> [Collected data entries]
++++++
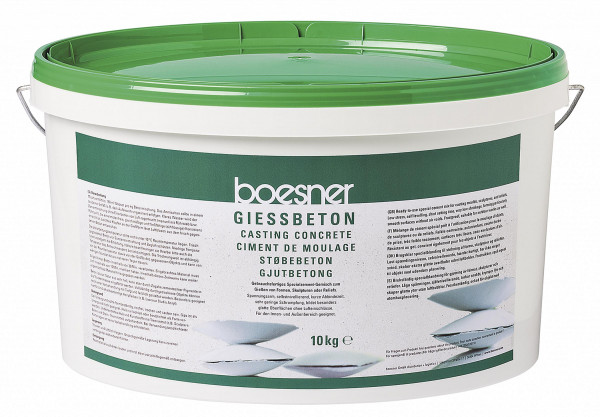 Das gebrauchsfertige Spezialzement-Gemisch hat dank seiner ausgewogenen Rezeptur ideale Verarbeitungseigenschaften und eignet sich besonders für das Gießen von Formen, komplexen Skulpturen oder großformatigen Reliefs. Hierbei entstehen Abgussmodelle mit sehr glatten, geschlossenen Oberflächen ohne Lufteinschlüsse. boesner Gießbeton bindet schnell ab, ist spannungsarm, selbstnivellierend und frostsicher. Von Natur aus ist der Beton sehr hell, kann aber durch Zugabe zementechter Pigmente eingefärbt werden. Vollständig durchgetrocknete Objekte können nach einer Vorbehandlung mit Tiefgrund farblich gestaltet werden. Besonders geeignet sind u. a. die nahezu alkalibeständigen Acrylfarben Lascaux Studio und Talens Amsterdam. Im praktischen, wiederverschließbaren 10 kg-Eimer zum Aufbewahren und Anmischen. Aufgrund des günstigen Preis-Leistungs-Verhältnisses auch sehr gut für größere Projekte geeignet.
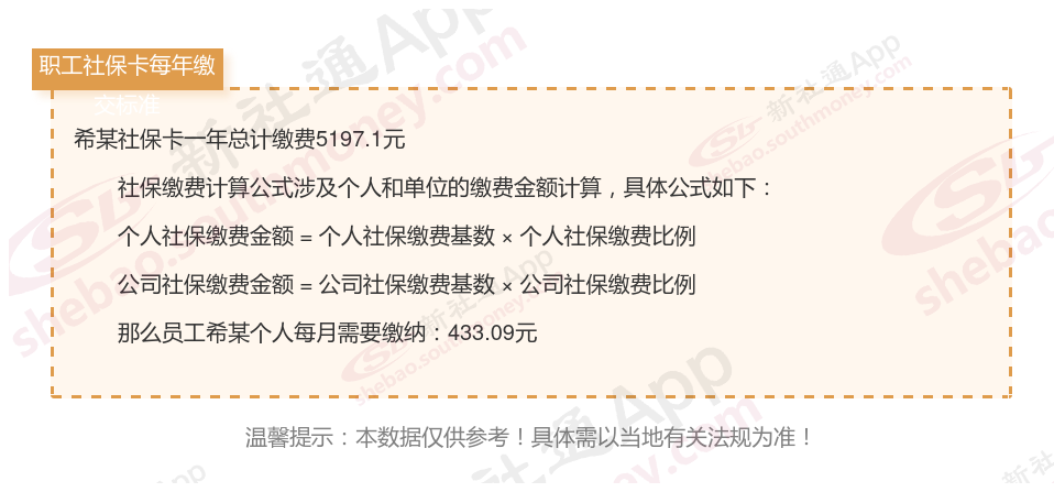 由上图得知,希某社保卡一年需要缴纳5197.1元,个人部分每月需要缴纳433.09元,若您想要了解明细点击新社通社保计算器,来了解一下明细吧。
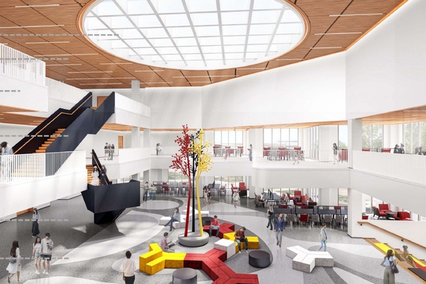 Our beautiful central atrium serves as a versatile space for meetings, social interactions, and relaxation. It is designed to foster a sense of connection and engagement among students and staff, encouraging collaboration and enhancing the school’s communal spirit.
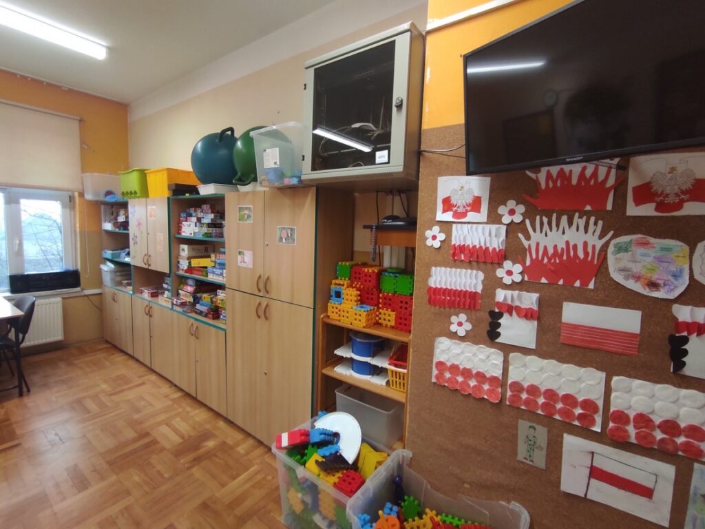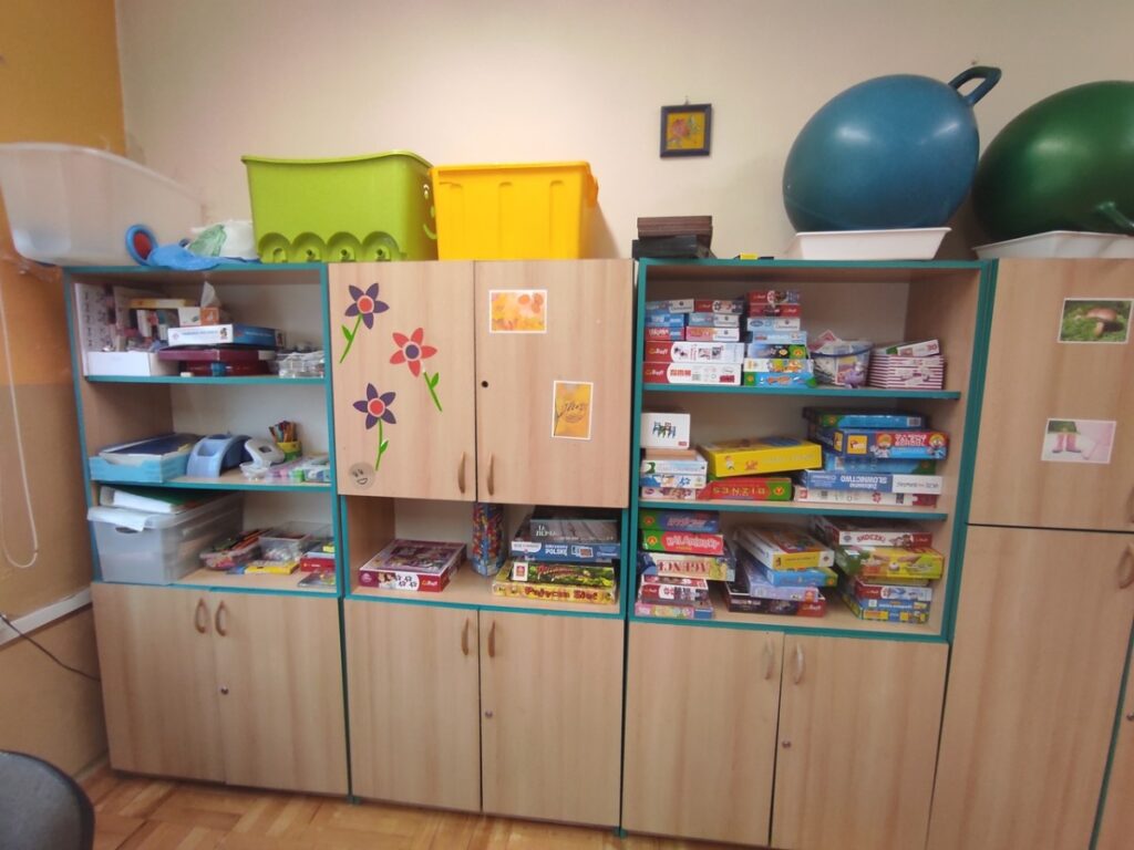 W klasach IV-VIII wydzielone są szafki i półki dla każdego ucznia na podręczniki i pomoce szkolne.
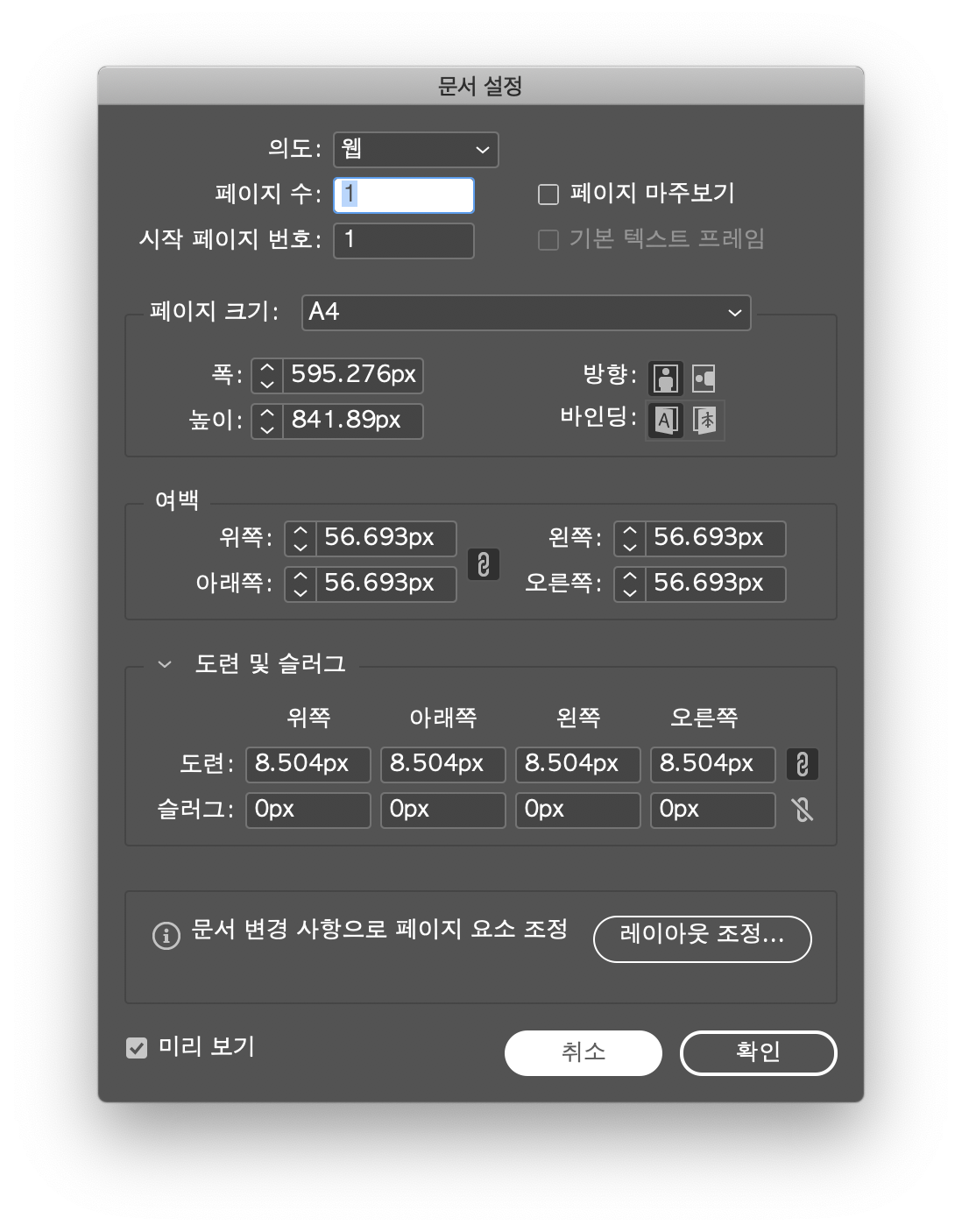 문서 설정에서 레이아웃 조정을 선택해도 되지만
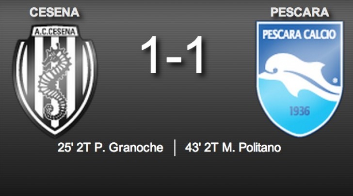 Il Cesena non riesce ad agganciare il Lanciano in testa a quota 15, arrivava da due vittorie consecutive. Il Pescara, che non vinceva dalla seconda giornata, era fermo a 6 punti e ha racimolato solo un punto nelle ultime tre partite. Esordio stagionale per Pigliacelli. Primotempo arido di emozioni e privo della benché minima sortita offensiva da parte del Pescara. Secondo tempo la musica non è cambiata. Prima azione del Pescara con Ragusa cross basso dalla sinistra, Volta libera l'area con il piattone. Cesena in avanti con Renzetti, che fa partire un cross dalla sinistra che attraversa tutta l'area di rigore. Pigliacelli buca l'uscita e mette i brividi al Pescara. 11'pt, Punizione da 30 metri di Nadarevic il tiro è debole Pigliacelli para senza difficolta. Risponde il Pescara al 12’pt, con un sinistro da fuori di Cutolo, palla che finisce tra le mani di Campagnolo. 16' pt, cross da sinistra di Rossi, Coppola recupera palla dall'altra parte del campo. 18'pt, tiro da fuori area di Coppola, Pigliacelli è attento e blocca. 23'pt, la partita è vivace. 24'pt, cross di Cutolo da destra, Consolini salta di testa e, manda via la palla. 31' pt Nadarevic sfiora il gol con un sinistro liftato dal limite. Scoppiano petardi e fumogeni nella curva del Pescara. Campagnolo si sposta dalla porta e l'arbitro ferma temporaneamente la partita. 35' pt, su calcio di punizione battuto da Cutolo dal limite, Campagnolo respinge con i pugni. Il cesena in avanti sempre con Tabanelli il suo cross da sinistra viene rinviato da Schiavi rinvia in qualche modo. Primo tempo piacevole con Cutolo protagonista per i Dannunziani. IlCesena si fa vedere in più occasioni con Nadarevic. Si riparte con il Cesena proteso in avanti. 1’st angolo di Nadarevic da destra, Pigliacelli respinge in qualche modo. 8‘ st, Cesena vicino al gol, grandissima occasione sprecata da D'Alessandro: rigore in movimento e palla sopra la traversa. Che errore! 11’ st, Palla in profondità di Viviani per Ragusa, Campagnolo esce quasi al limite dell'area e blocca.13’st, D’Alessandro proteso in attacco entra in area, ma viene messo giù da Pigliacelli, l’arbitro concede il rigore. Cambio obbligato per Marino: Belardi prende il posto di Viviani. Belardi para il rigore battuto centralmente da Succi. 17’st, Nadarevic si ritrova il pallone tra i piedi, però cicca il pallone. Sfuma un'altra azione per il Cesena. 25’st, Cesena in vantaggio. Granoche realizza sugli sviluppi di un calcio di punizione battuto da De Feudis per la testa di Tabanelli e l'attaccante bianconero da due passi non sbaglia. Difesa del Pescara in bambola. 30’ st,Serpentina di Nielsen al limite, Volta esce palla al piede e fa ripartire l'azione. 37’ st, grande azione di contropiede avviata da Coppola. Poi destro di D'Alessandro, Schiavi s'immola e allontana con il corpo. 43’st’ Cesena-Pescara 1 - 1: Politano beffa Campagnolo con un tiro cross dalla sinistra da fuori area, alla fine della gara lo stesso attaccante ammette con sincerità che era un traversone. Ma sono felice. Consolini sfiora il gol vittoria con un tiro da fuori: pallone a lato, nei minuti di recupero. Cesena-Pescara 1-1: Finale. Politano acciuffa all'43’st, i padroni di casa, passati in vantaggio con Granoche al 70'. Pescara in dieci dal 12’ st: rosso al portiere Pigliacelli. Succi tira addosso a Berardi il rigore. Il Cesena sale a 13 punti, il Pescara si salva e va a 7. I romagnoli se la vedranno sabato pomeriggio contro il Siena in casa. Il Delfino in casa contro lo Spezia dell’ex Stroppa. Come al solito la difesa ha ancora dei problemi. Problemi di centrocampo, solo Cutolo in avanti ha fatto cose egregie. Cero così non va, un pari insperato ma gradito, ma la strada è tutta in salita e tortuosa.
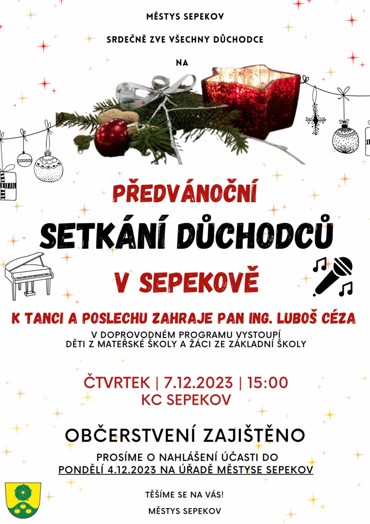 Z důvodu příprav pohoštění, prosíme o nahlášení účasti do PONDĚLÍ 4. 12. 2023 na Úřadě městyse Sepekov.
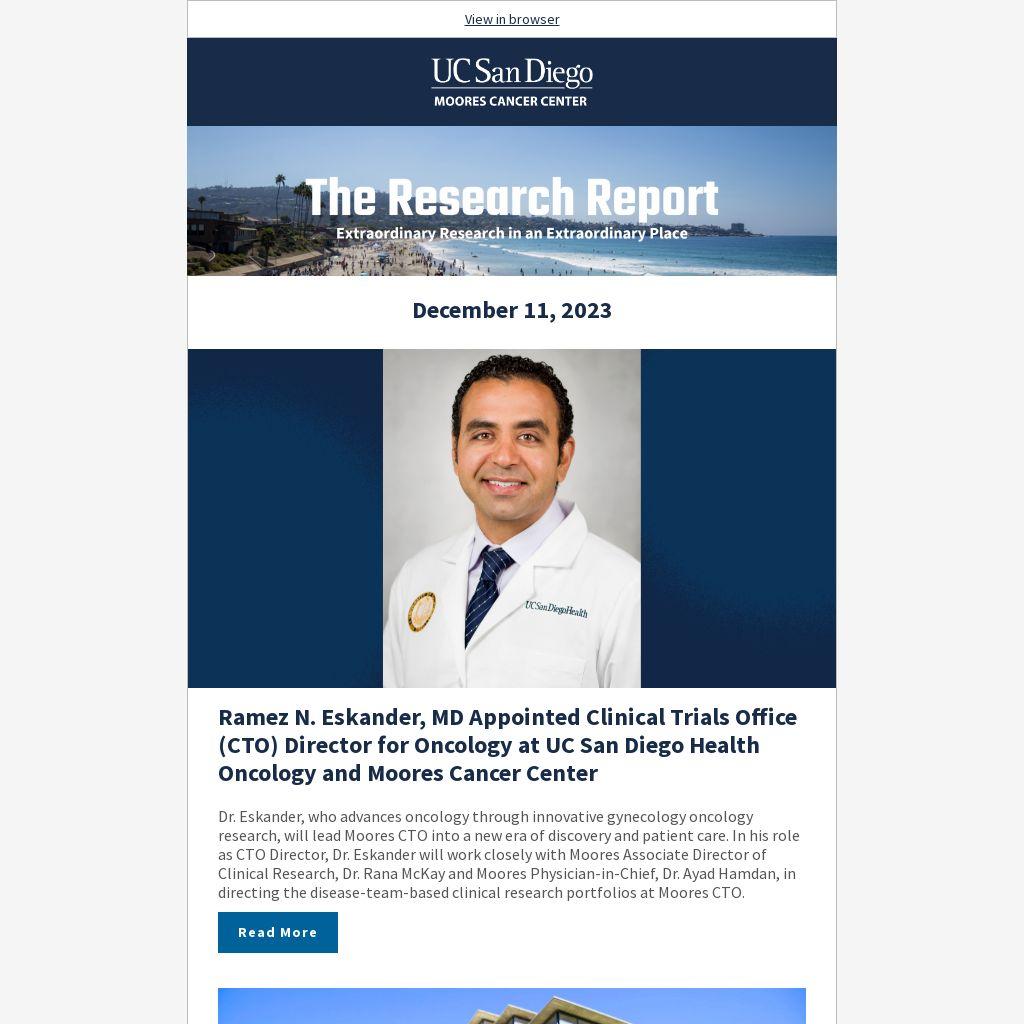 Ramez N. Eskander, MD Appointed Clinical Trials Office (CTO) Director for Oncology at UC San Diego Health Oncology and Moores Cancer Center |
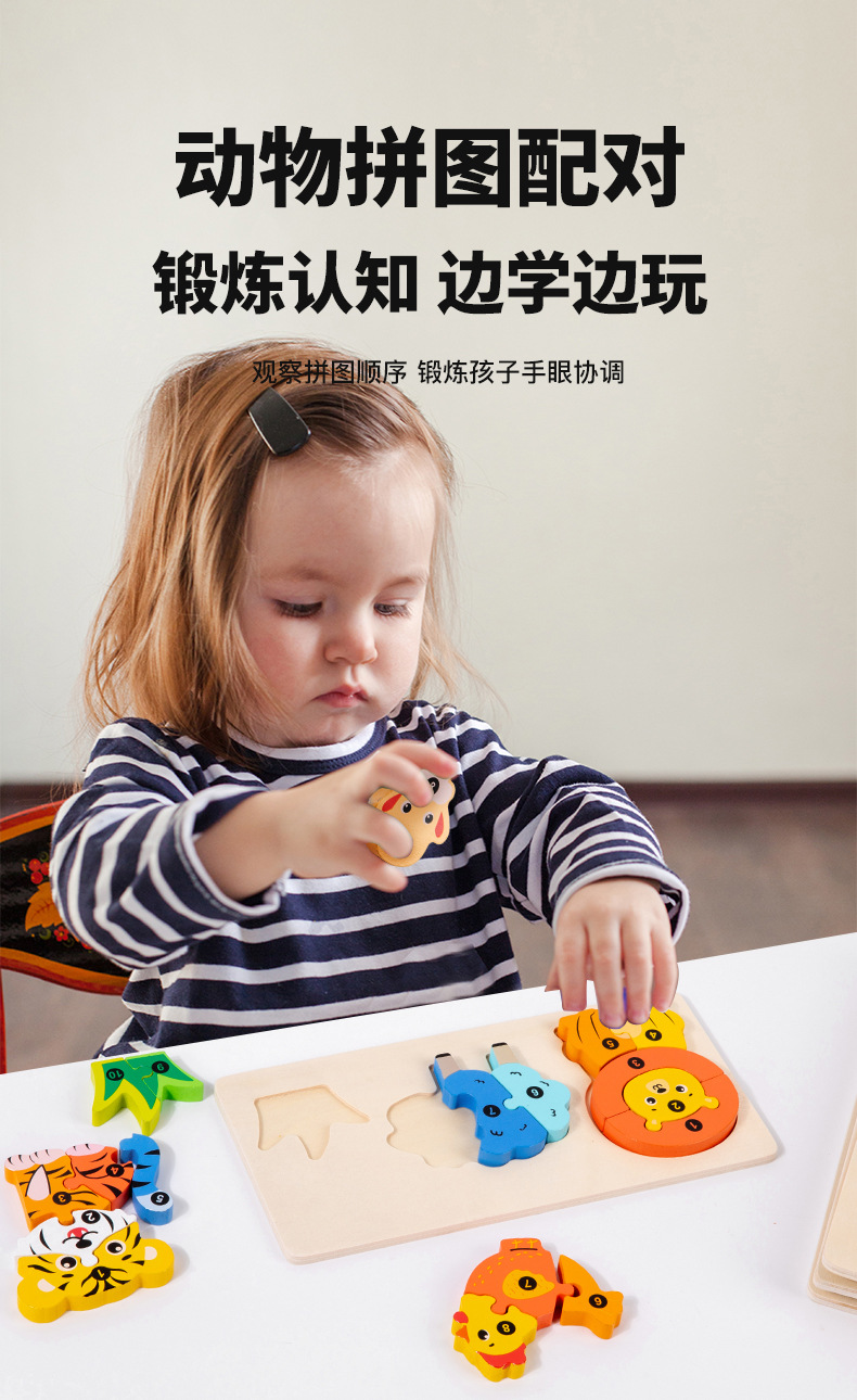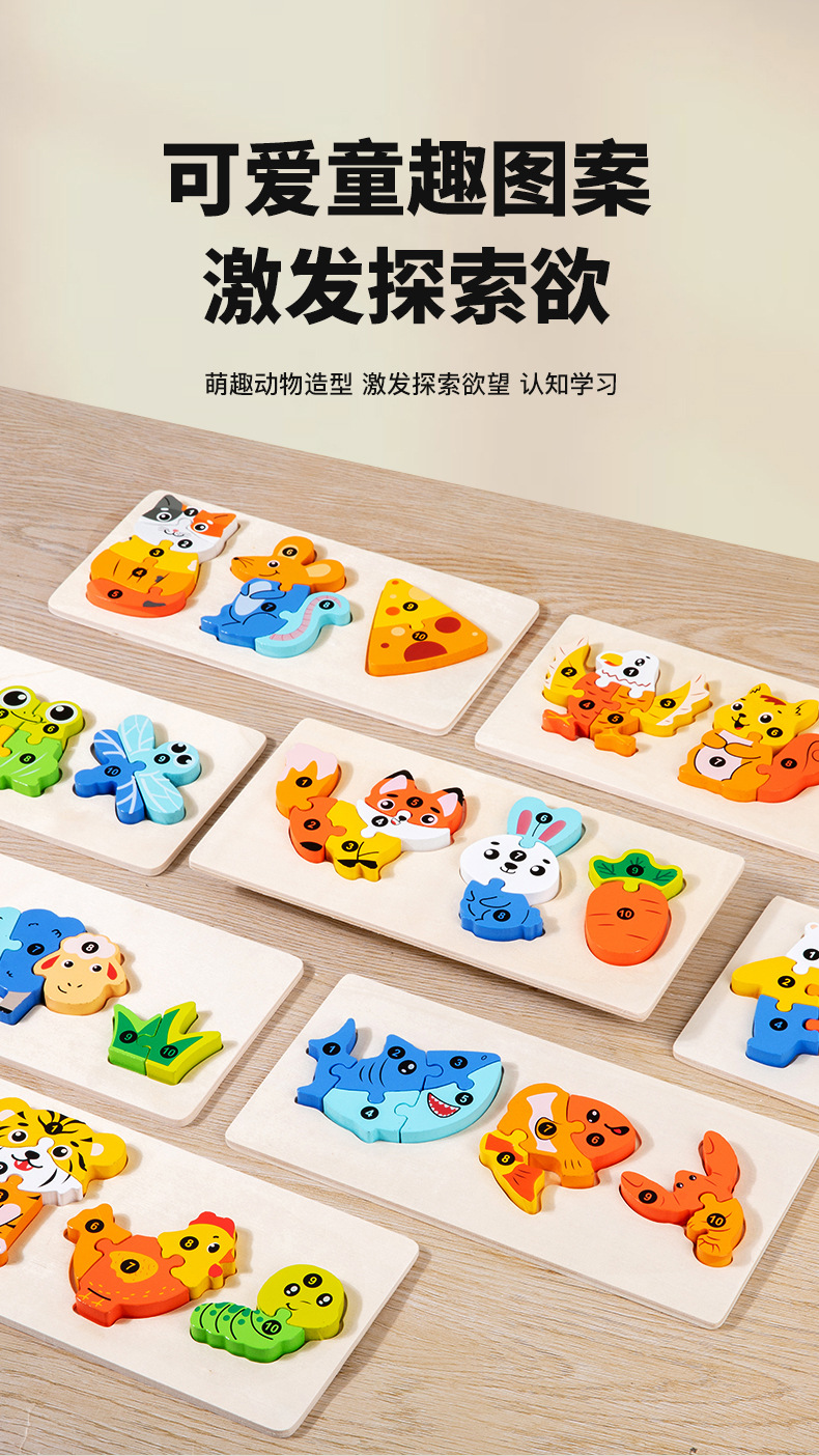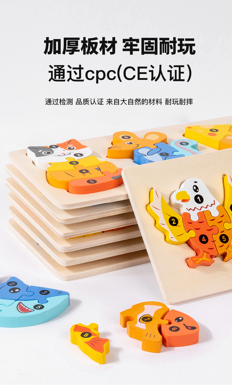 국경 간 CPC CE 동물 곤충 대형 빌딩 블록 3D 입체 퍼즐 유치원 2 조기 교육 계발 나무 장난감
++++++
> [Task brief]
Nothing but the lines from the one with "由上图得知,希某社保卡一年需" to the one with "문서 설정에서 레이아웃 조정을 선택해도 되지만" above, both included, should be transcribed, exactly and without pictures.

> [Completed task]
 由上图得知,希某社保卡一年需要缴纳5197.1元,个人部分每月需要缴纳433.09元,若您想要了解明细点击新社通社保计算器,来了解一下明细吧。
 Our beautiful central atrium serves as a versatile space for meetings, social interactions, and relaxation. It is designed to foster a sense of connection and engagement among students and staff, encouraging collaboration and enhancing the school’s communal spirit.
 W klasach IV-VIII wydzielone są szafki i półki dla każdego ucznia na podręczniki i pomoce szkolne.
 문서 설정에서 레이아웃 조정을 선택해도 되지만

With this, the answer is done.